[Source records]

++++

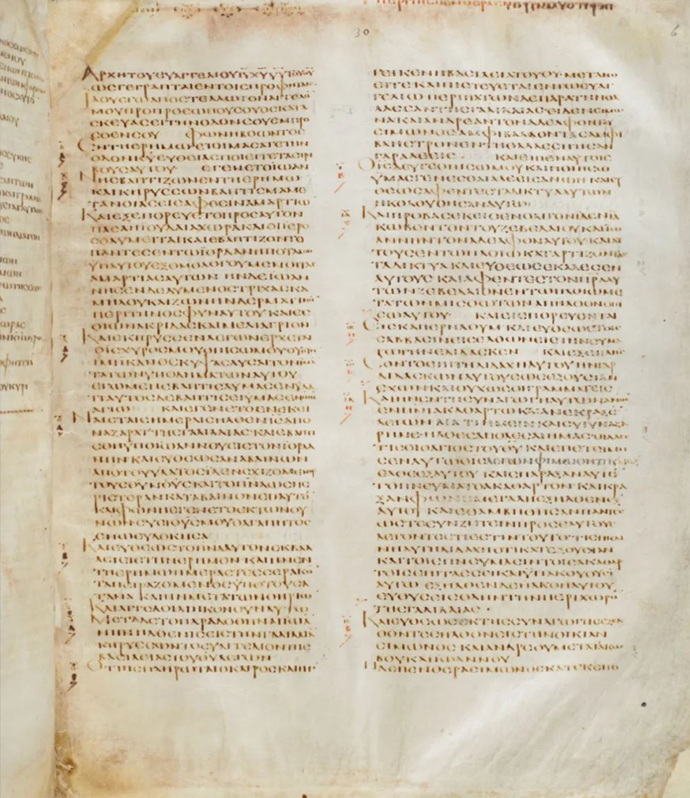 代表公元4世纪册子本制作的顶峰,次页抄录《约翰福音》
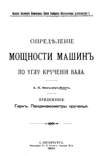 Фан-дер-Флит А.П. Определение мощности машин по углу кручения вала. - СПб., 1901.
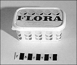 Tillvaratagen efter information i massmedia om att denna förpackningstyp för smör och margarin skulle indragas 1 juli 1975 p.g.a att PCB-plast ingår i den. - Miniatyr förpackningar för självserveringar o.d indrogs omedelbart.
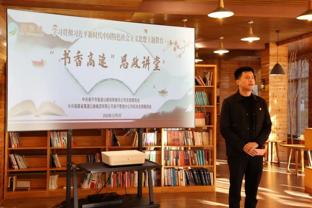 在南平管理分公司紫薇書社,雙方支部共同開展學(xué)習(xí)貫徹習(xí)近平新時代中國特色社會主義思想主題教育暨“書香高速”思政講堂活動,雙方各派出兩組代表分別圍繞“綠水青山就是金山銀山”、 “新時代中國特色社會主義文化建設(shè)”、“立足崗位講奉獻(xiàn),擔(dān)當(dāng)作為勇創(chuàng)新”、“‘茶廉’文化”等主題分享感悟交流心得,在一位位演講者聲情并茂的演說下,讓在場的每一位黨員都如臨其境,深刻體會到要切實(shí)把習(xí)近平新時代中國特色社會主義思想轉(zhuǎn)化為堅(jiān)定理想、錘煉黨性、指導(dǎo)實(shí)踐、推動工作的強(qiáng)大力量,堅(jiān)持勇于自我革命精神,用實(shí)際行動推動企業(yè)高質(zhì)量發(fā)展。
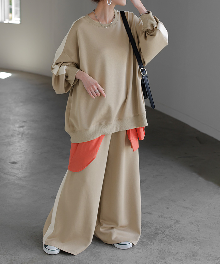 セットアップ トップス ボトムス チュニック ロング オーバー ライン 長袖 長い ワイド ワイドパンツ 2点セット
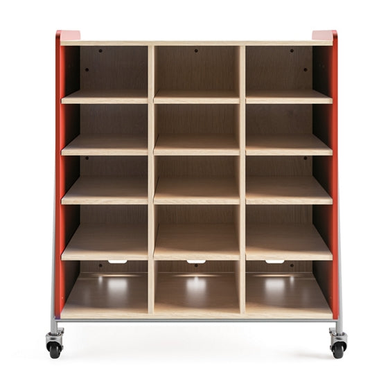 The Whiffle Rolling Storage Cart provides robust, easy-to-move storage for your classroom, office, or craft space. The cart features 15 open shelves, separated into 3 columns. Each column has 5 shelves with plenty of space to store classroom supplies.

++++

Requirement:
Your reply should consist only of the lines running from the line with "セットアップ トップス ボトムス" to the end of the entries, both included, copied exactly and without any pictures.

Answer for the task:
 セットアップ トップス ボトムス チュニック ロング オーバー ライン 長袖 長い ワイド ワイドパンツ 2点セット
 The Whiffle Rolling Storage Cart provides robust, easy-to-move storage for your classroom, office, or craft space. The cart features 15 open shelves, separated into 3 columns. Each column has 5 shelves with plenty of space to store classroom supplies.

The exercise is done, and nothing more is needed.